Parenthèse enchantée
Parenthetical Girls Privilege (abridged) (2013, Splendour Records)
Il est maintenant temps de reprendre sérieusement le collier et j’attaquerai donc cette rentrée avec un disque tout récent puisque paru en début d’année, le quatrième album des Parenthetical Girls. Pour être honnête, je ne savais proprement rien de ce groupe américain avant de voir vantés les mérites de ce Privilege (abridged) sur l’excellent blog La musique à papa. Les louanges de ce fort recommandable confrère (?) ayant attisé ma curiosité, je m’en suis allé jeter une oreille aux chansons de ce combo mené par l’ardent Zac Pennington et je n’en fus pas déçu, bien au contraire.
But sure of course there’s shame / In certain things I may have done / But shame is not even worse / And philandering’s the one thing even I can’t afford
On death & endearments
Formés en 2002, les Parenthetical Girls firent paraître trois albums entre 2006 et 2008 dont le dernier sorti, Entanglements, leur valut une certaine attention critique. Le groupe s’embarqua alors dans une nouvelle expérience discographique pour le moins arty, entreprenant de sortir 5 EP, chacun portant sur la pochette un portrait dessiné d’un des membres du groupe, chacun nommé Privilege et chacun tiré en 500 exemplaires numérotés au sang du membre représenté sur sa pochette. Au final, Pennington et ses acolytes décidèrent de tirer le meilleur de ces 5 EP pour en proposer un « abrégé », ce Privilege (abridged) dont il sera ici question.
You’re short on grace / But you’ve an empty space / And I fit just right / Yes I fill just right
The common touch
Ne connaissant pas les travaux antérieurs du groupe, je ne saurai situer précisément ce disque dans son évolution musicale ; il révèle en tous cas d’indéniables aptitudes de touche-à-tout. Parenthentical Girls navigue ici avec talent à travers une diversité de styles, passant par le glam, l’électro-pop, la pop à guitares ou la ballade élégiaque, mais imprimant toujours sa marque, cette flamboyance vénéneuse qui émane de chaque chanson.
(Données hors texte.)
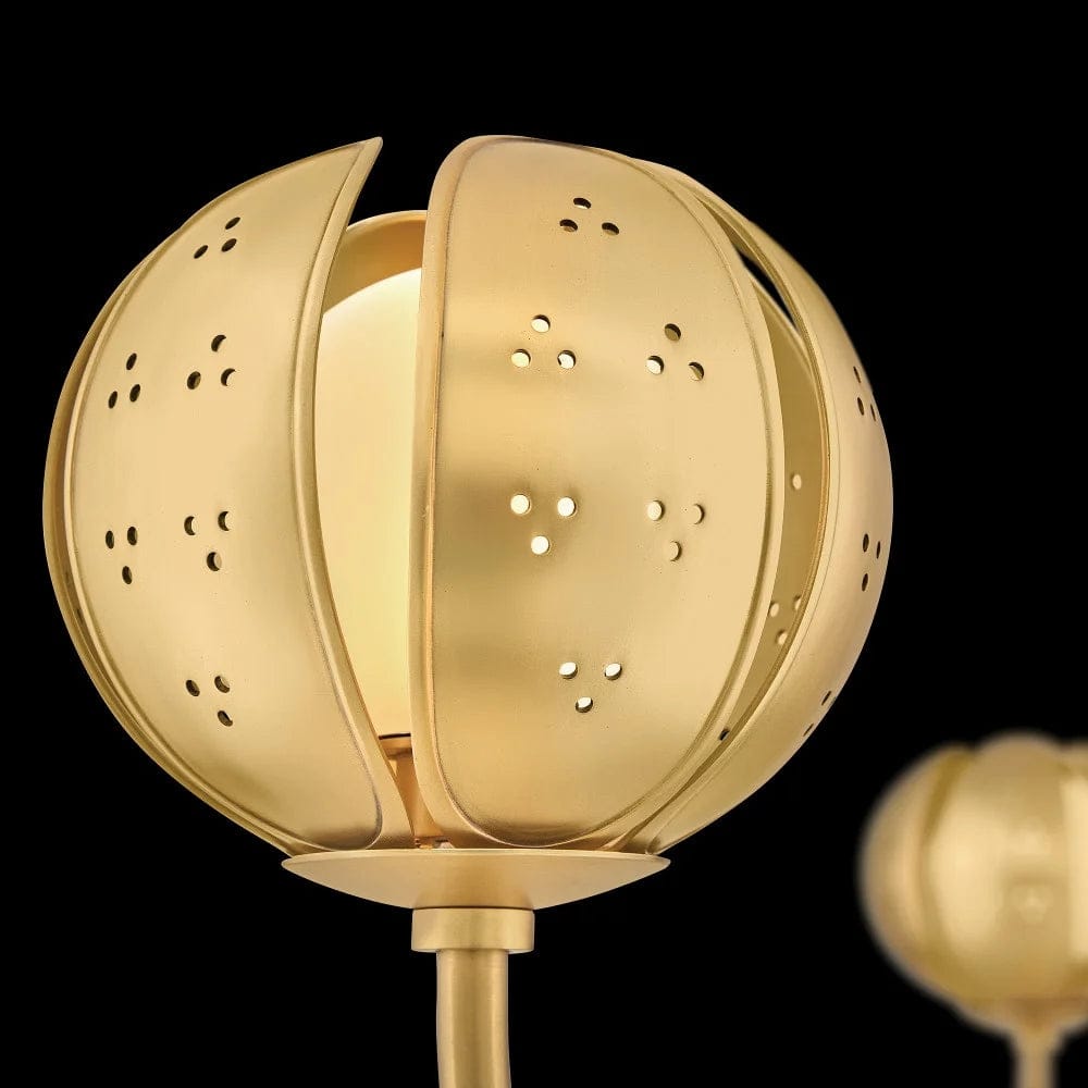 A work of luminary art, Anthos elevates its floral-inspired form with alluring illumination. Raised edge details and distinct perforations accentuate each blossom crafted from solid unlacquered brass petals. Radiant LED lamps enveloped by blown etched opal glass transform the surrounding space with a captivating interplay of light and shadow.
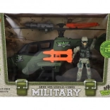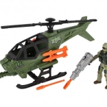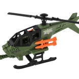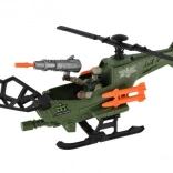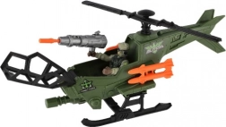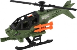 Der grüne Militärhubschrauber mit schwarzen Rotoren und orangefarbenen Geschossen besticht durch sein realistisches Design und unterstützt spannende Spielszenarien.
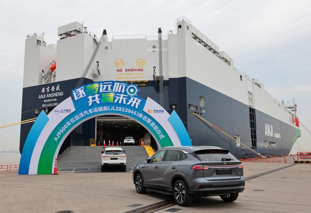 新华社上海5月15日电(记者周蕊、周文其)中国自主制造、9500车位的超大型汽车滚装船“安吉安盛”轮15日晚开启首航,装载7000辆中国制造汽车从上海出发前往欧洲。
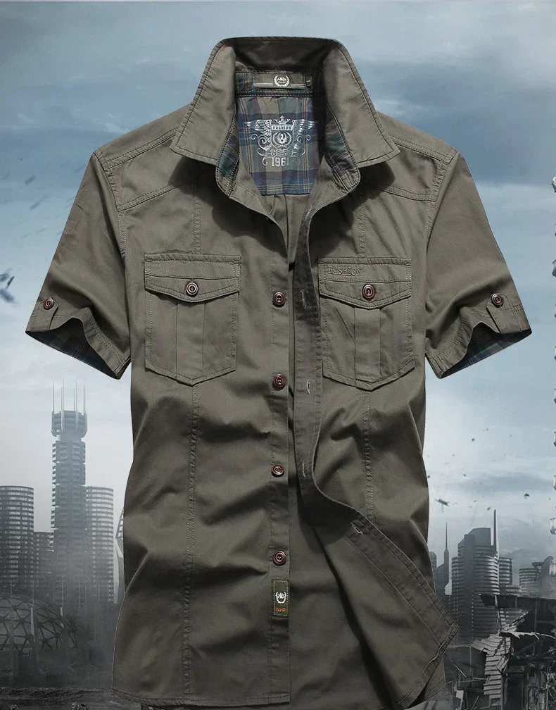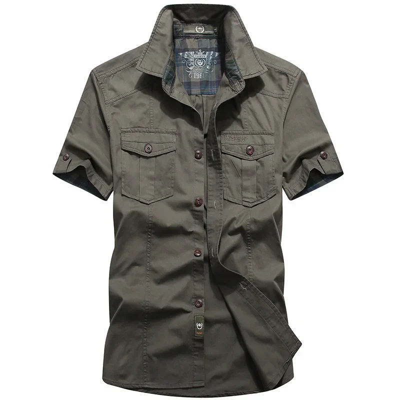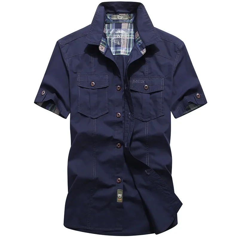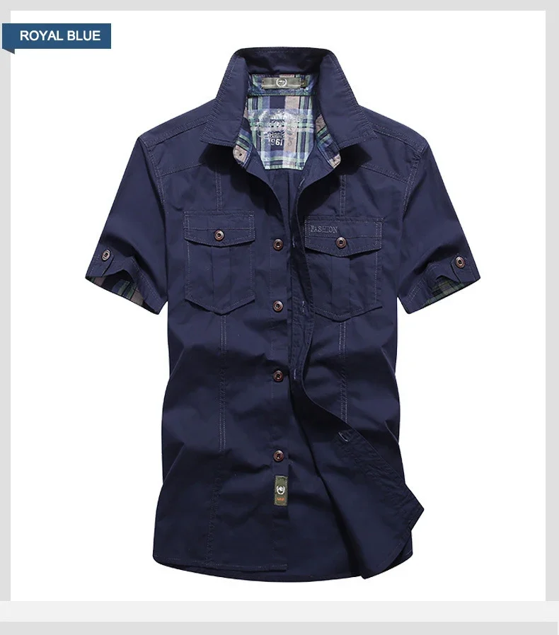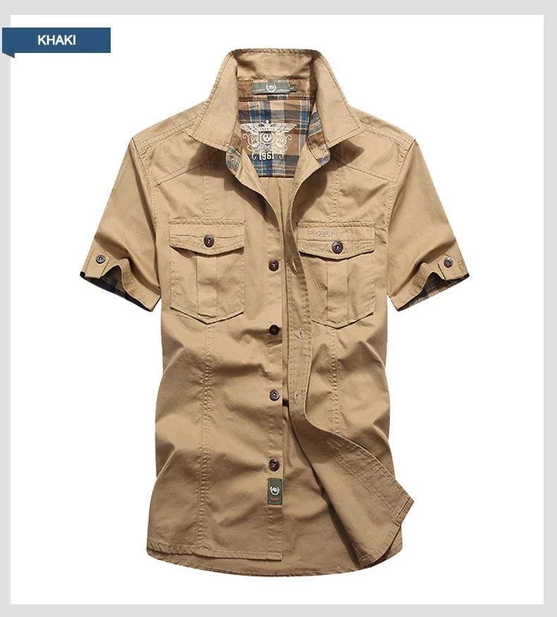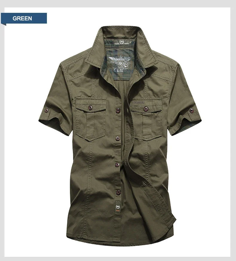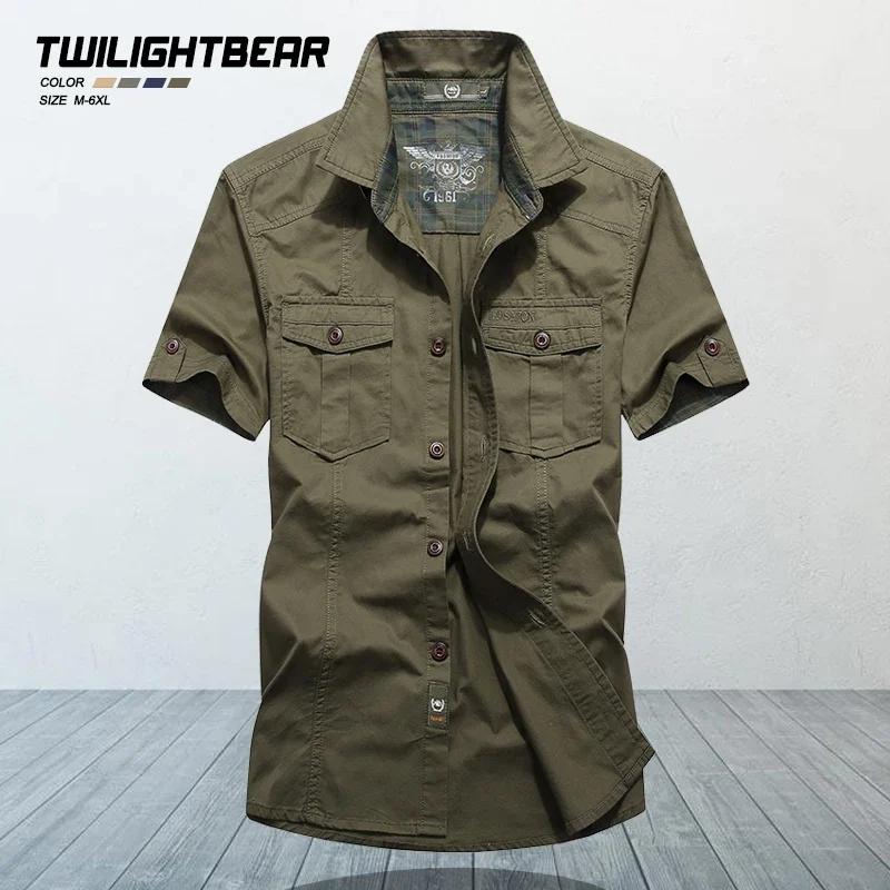 Summer Men’s Shirts 6XL Short Sleeve Tooling Shirt Multi Pockets Men Working Clothe High Quality Cotton Casual Shirt A2F1391
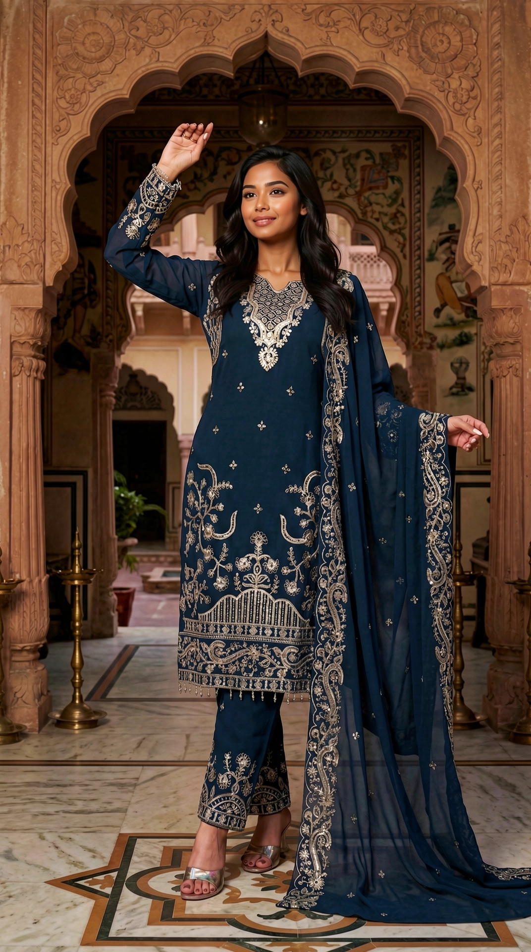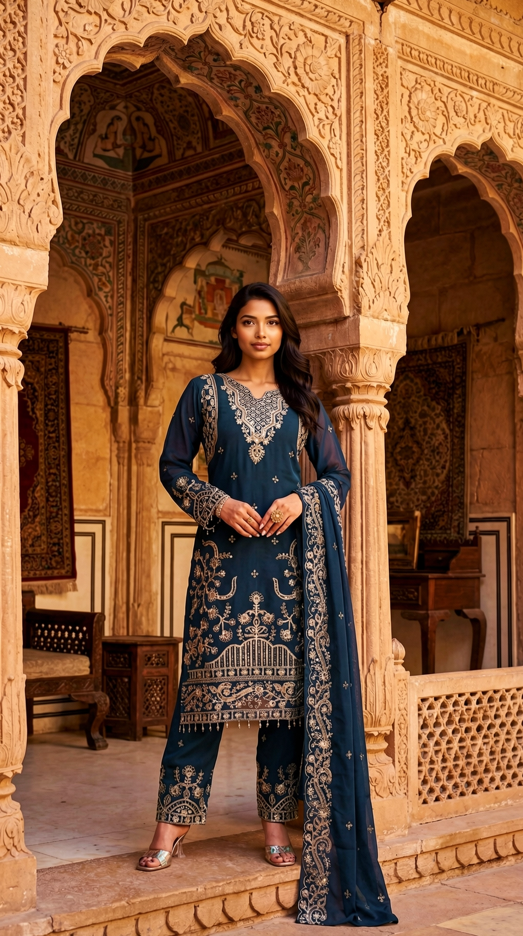 Introducing a sophisticated midnight blue kurta pant set designed for refined festive and evening occasions. The straight-cut kurta is adorned with intricate gold embroidery across the neckline, bodice, sleeves, and hem, creating a regal contrast against the deep blue base. Paired with tailored straight pants featuring coordinated embroidered borders and complemented by a sheer matching dupatta finished with an ornate trim, this ensemble embodies timeless elegance and contemporary grace. Perfect for festive celebrations, wedding functions, and cultural gatherings, it offers effortless sophistication and statement appeal.

L’interprétation théâtrale (certains diront maniéré) de Zac Pennington impose une présence volontiers décadente, encore rehaussée par des textes d’un romantisme noir, à la préciosité dandy tantôt touchante, tantôt un brin agaçante.
We’re all reckless romantics / Why fight the function we’ve been furnished with ? / There’s no good way to say this / Then just to take it on the chin
Careful who you dance with
Le disque n’en constitue pas moins une vraie réussite, tant le groupe sait jongler habilement avec ses rutilantes influences, de Bowie (l’introductif Evelyn McHale à l’ADN toute hunky-doryesque) à Suede (The pornographer) en passant par les Smiths (le pétulant A note to self). Parenthetical Girls excelle à parer sa musique de teintes noctambules et venimeuses. Sur l’électro-pop fiévreuse de Careful who you dance with, on imagine ainsi Pennington déambuler le teint hâve au milieu des promesses et dangers d’une nuit enfiévrée. Le groupe livre aussi plusieurs morceaux en forme de dérives crépusculaires, qui cheminent solitaires sous les néons, notamment les magnifiques On death & endearments« , Sympathy for spastics ou The privilege. Le disque se clôt sur l’électro-pop brumeuse de Curtains, qui tire justement le rideau sur ce recueil fascinant, qui refuse avec brio la grisaille et la tiédeur, pour une parenthèse joliment enchantée.
Une des belles réussites de l’année assurément.